Lack of access to affordable bank credit for MSMEs has remained a perennial issue for not just the entrepreneurs but also for lenders and the government alike to bring businesses in the informal economy into the formal fold. Poor credit access emanates from the lack of collateral with MSMEs to pledge against the credit. To tide over this challenge, over the past few years, banks and non-banking financial companies (NBFCs) have been gradually integrating historical data of MSMEs including GST filings, cash flow information, and more to underwrite business or working capital loans to them.
The ease of access to this data coupled with the use of artificial intelligence (AI) powered algorithms to analyse the repayment ability of the borrower has enhanced lenders’ dependence on such rule-based credit underwriting models. This translates into quicker disbursals and faster growth of loan portfolios for lenders.
However, the Reserve Bank of India (RBI) now wants such lenders particularly NBFCs, whose reliance on rule-based credit engines is relatively higher than banks, “to recognize that rule-based credit engines are only as effective as the data and criteria upon which they are built. Overreliance on historical data or algorithms may lead to oversights or inaccuracies in credit assessment, particularly in dynamic or evolving market conditions,” said Swaminathan J, Deputy Governor, RBI on May 15 at the Conference of Heads of Assurance of NBFCs.
Cautioning NBFCs over lending based on historical data, Swaminathan said there appears to be a fancy among most NBFCs to do more of the same thing, such as retail unsecured lending, top-up loans or capital market funding.
“Over-reliance on such products may bring grief at some point in time later. It is also observed that the risk limits that are fixed for certain categories of products or segments, say like unsecured lending, in some entities, is way too high to be sustainable in the long run.”
NBFCs, cautious on their part, agreed to ensure a balance between AI and human intelligence-led models instead of over-dependence on the former.
George Alexander Muthoot, Managing Director at Muthoot Finance said the RBI has rightly advised against setting up high risk-limits for unsecured loans.
“A mere scorecard generated by AI-based credit models may not capture the nuances of the MSME landscape or accurately predict future performance,” Muthoot told FE Aspire.
In fact, AI-based credit models, said Muthoot, can be one component of a broader assessment strategy which also includes traditional evaluation methods such as personal discussion (PD), field visits, and document verification
While objective parameters in underwriting a loan can be automated to a great extent, evaluating subjective parameters will require a human element.

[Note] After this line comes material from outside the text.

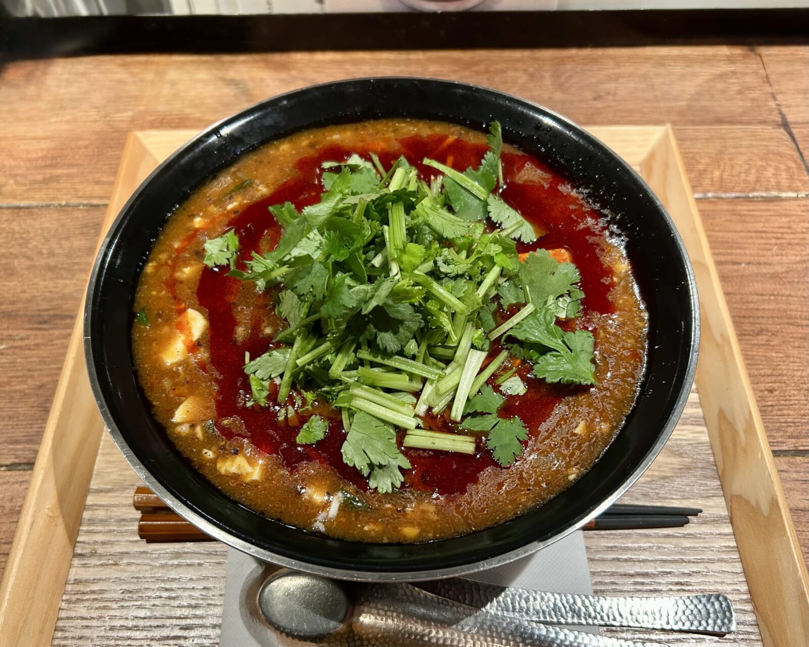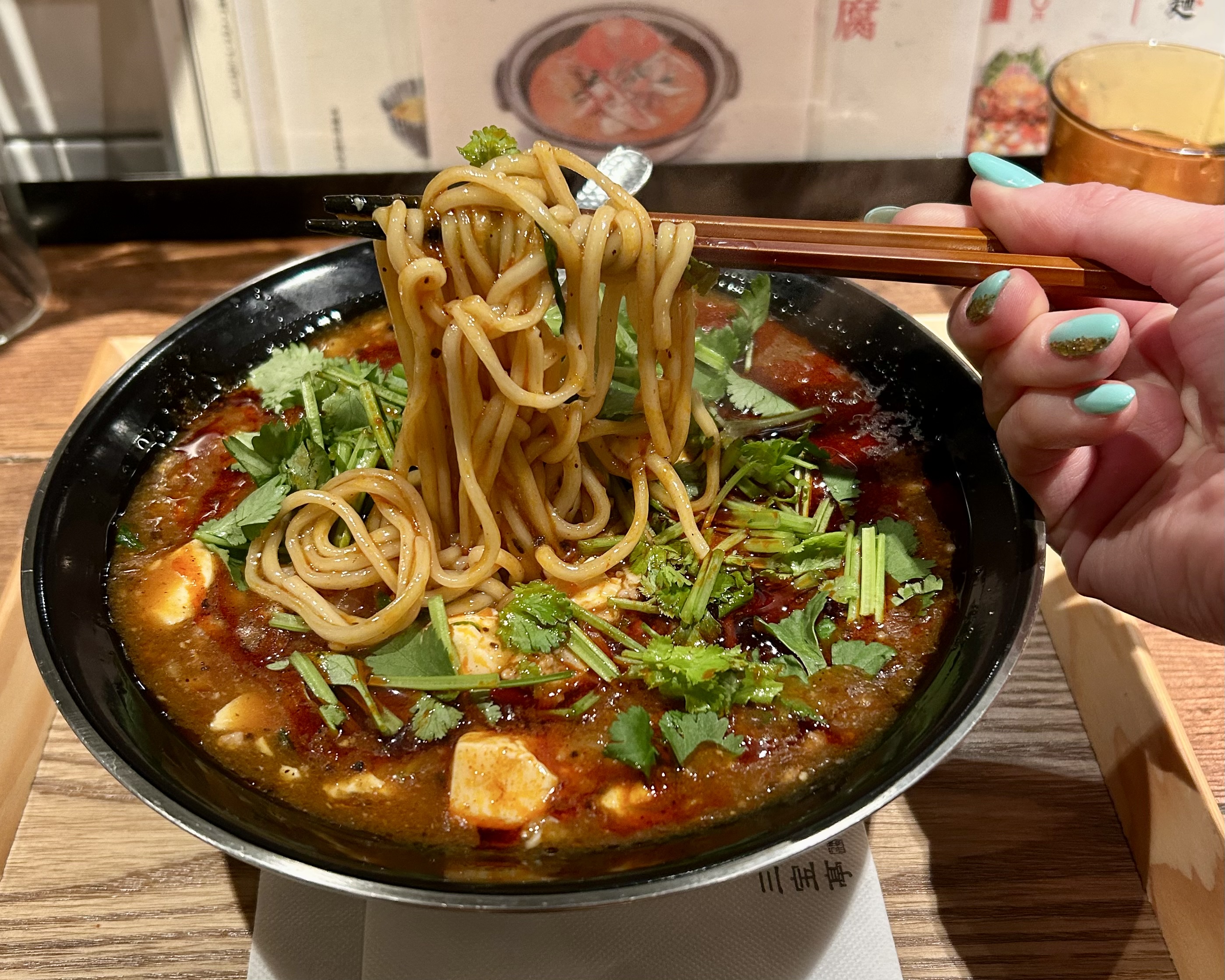For those torn between mapo tofu and ramen, Niigata Sanpo-tei Tokyo Lab offers the best of both worlds with its signature Mabomen. This decadent dish features thick, chewy noodles blanketed in a rich, spicy mapo tofu. Silky cubes of tofu are simmered in a savory sauce of doubanjiang (fermented broad bean and chili paste), garlic, ginger and Sichuan peppercorns. Guests can customize the spice level to their liking, with the “extra spicy” option reputed to challenge even seasoned chili enthusiasts. A topping of fresh cilantro is highly recommended, as its bright, herbal notes cut beautifully through the dish’s deep, lingering heat.

This is because although these statistical and machine learning-based data models provide strong insights, their assumptions are based on historical data, which may not hold true once market conditions change.

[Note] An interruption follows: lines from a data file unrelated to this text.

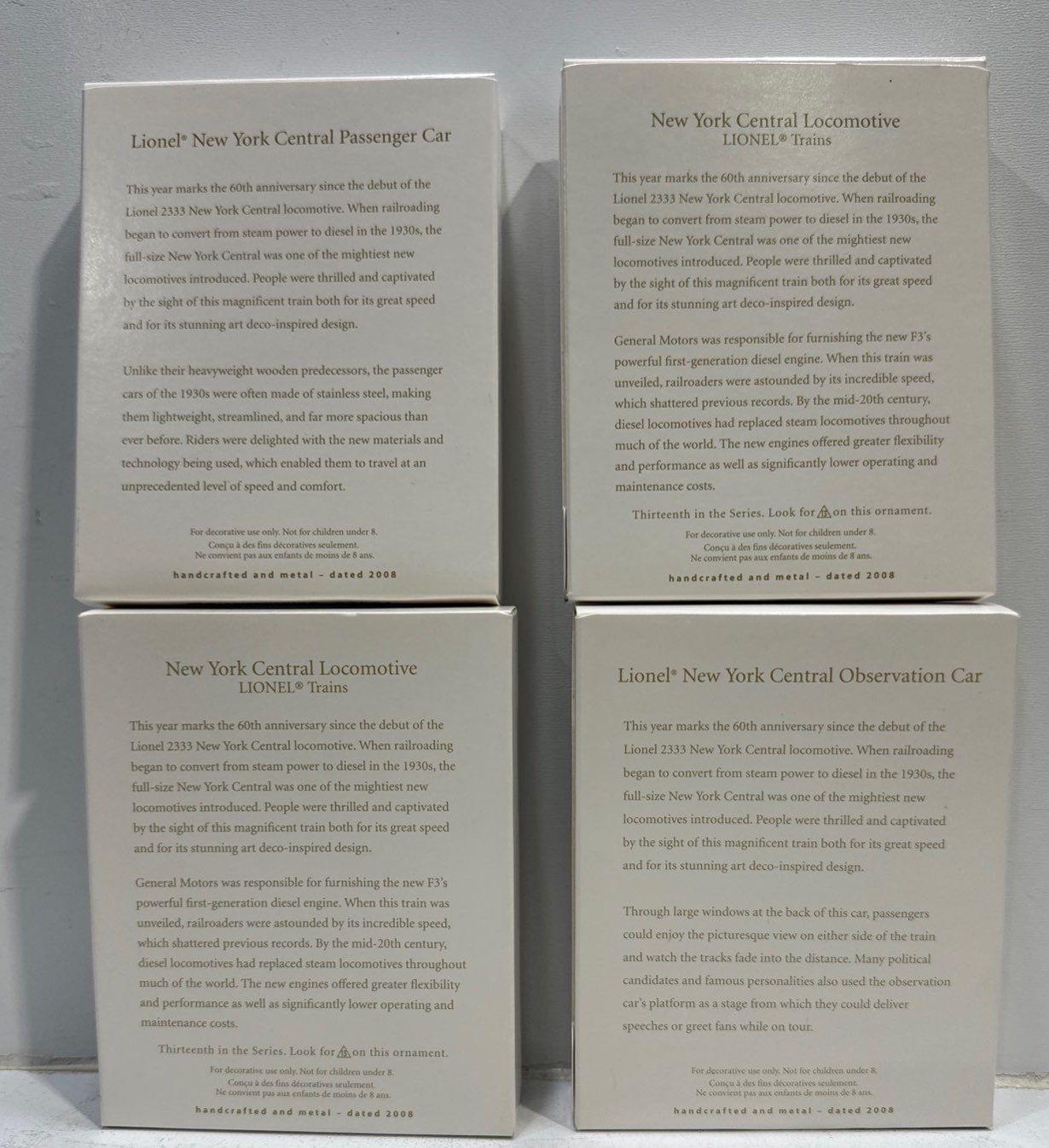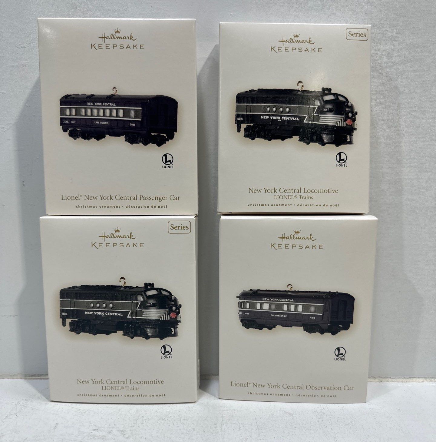 Vehicles-NY Central Locomotive (2), Passenger Car, Observation Car Hallmark Ornaments
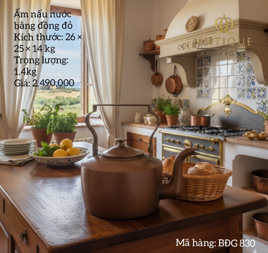 Ấm nấu nước bằng đồng đỏ , gợi nhớ cuộc sống yên bình sang trọng của vùng thôn quê nước Ý
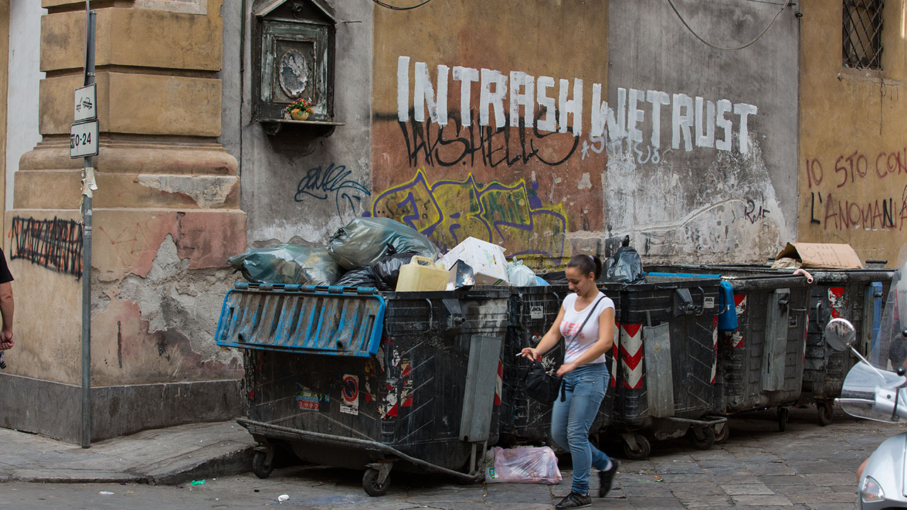 Вот так выглядят мусорные бачки в Вероне. Чисто, аккуратно, не нужно городить бетонную изгороду вокруг. Достаточно поставить культурные пластиковые бачки и вывозить их хотя бы через день. Всё зависит от руководства города ну и руководителя мусорной компании. У нас видно руководитель компании по вывозу мусора - говно полное, не умеющее организовать работу во вверенной ему организации, потому и город весь в мусоре. Это чувствуется например в Неаполе. Те же пластиковые бачки, но также как и у нас с горами мусора вокруг них.
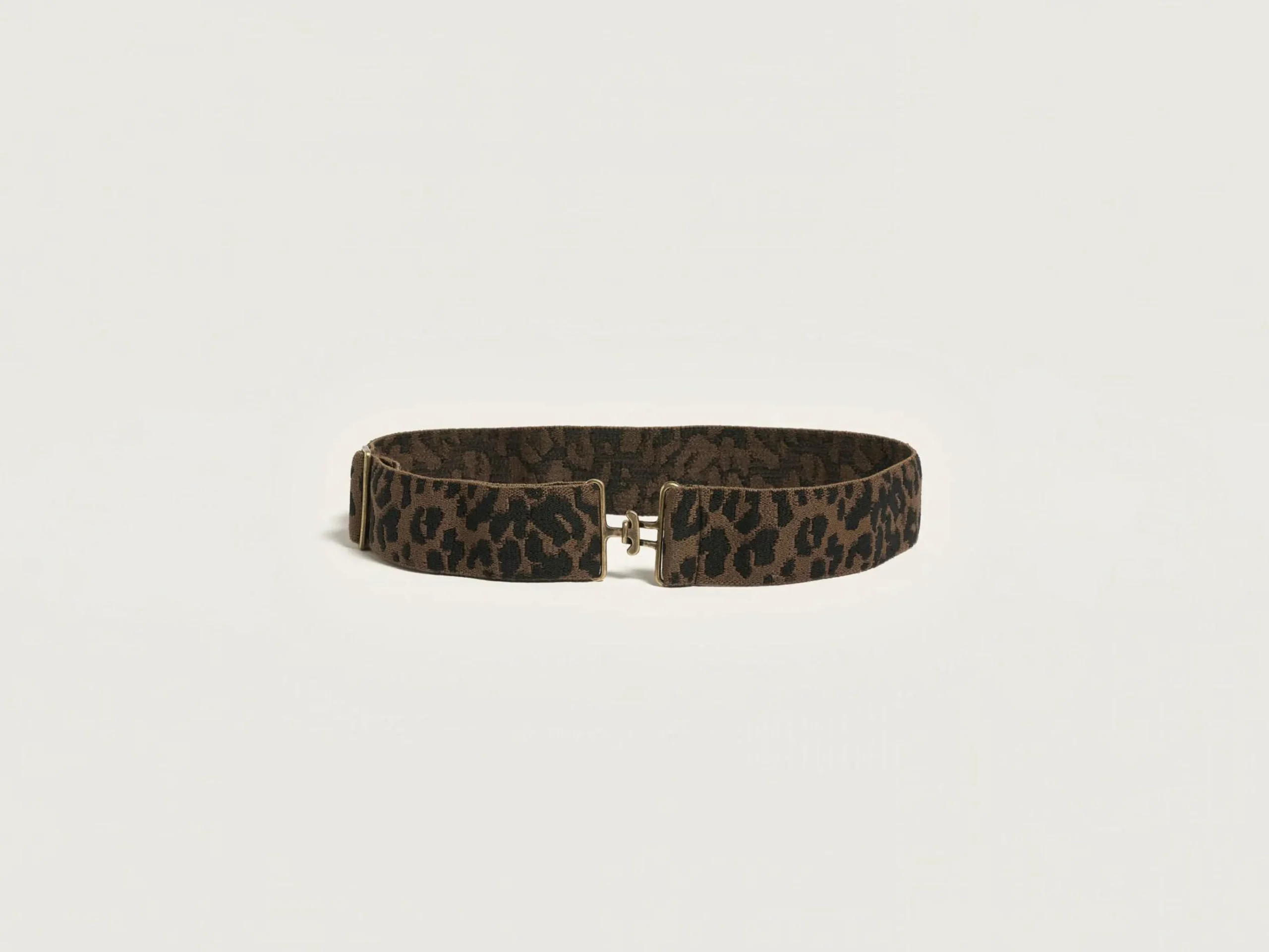 Ceinture élastique imprimée léopard avec boucle en laiton veilli.

Hence, MSME lending models today, said Nishith Maheshwari of InCred Finance, are not just based on historical data, such as the bureau which largely only has a record of previous repayment behaviour.
Maheshwari, Head, Digital Business Loans, InCred Finance told FE Aspire that with visibility of GST filings, transactional/cash flow data, customer data based on online feedback and reviews for a product, etc., models can build a lot more insight into both the financial and performance metrics of businesses.
Moreover, experts believe that NBFCs lending to MSMEs while cautious of potential risks are also confident of having checks in place to avoid any error and grief in future.
Tirthankar Datta, Partner at law firm JSA Advocates and Solicitors told FE Aspire NBFCs lending to MSMEs have to inevitably find more advanced algorithms which would be able to dynamically adjust itself based on the data which can be constantly collected by it.
This may mean that NBFCs potentially will have to find a niche use case for an intuitive user interface or experience on mobile applications, which are being preferred to traditional banking channels by younger customers. Here, virtual reality and augmented reality may be one area which is ripe for exploitation for finding new niches, according to Datta.
So what new models can be developed as an alternative to existing models and also be error-free?
Vikrant Narang, Deputy CEO of Ambit Finvest told FE Aspire that a good start would be to develop a model by identifying parameters based on expert judgment. Statistical tools and AI/ML-based models could be used to test the evidence of the weight of these parameters.
Moreover, NBFCs may find ways to access data on the unbanked MSMEs or lower-income individual citizens by gaining access to non-traditional sources of data, which may not be available in the mainstream credit data repositories. According to Datta, this could be in the form of mobile payments, payment gateway and UPI payments-related data which could be a gold mine for enriching existing data sets.
Importantly, RBI governor Shaktikanta Das earlier this year at an event had also highlighted the likely risks of depending on algorithm- or model-based lending, FE had reported. The governor had cautioned lenders on “the ground realities that keep on changing. So, it is important to monitor whether your model is falling behind the curve or is in tune with the times, and what are the possible risks.”